* WORK TO COMPLETE: Everything from the first line of the material to the line containing "Step 4 – Navigate", inclusive, must be given again exactly; no pictures, and nothing past that line.

* RECORDED INFORMATION:
== Segment start ==

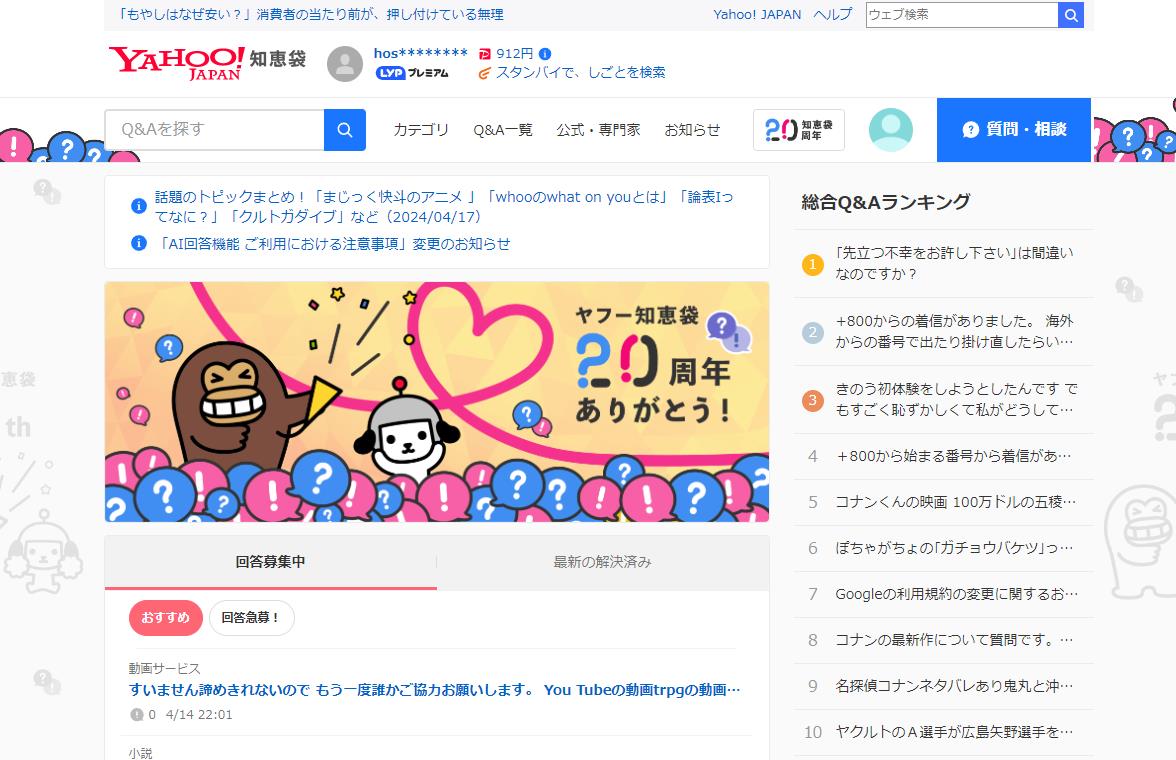Yahoo!知恵袋は個人が質問して答えるQ&Aサイトの最大手です。
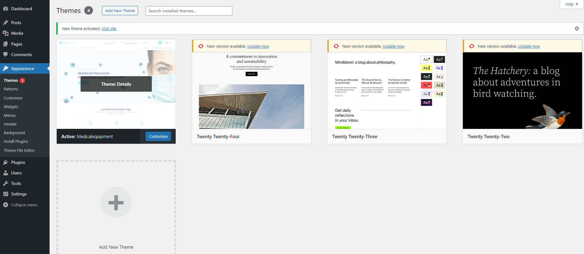 Step 4 – Navigate to the wp-dashboard and then activate the newly installed theme by going to Appearance > Themes and clicking the Activate button.
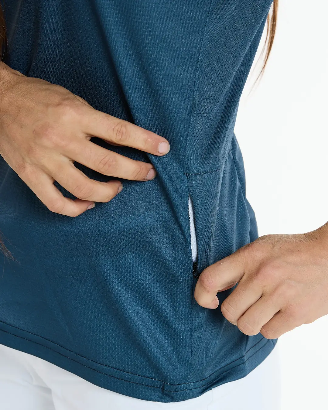 PASSFORMDies ist eine Standard-Passform.Es hat schöne Seitennähte, die sich an den Körper anpassen. Wir würden sagen, dass es etwas kleiner ausfällt. Wenn du zwischen zwei Größen liegst und unsicher bist, empfehlen wir, eine Größe größer zu wählen.STOFFHergestellt aus 100% recyceltem Polyester. Der Stoff ist atmungsaktiv und feuchtigkeitsableitend, aber dennoch widerstandsfähig genug, um auf den Trails durchzuhalten.
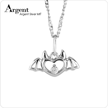 【ARGENT銀飾】微鑲鉑銀閃亮系列「浪漫小惡魔(白K金)」純銀項鍊

== Segment end ==

* SOLUTION TO THIS EXERCISE:
Yahoo!知恵袋は個人が質問して答えるQ&Aサイトの最大手です。
 Step 4 – Navigate to the wp-dashboard and then activate the newly installed theme by going to Appearance > Themes and clicking the Activate button.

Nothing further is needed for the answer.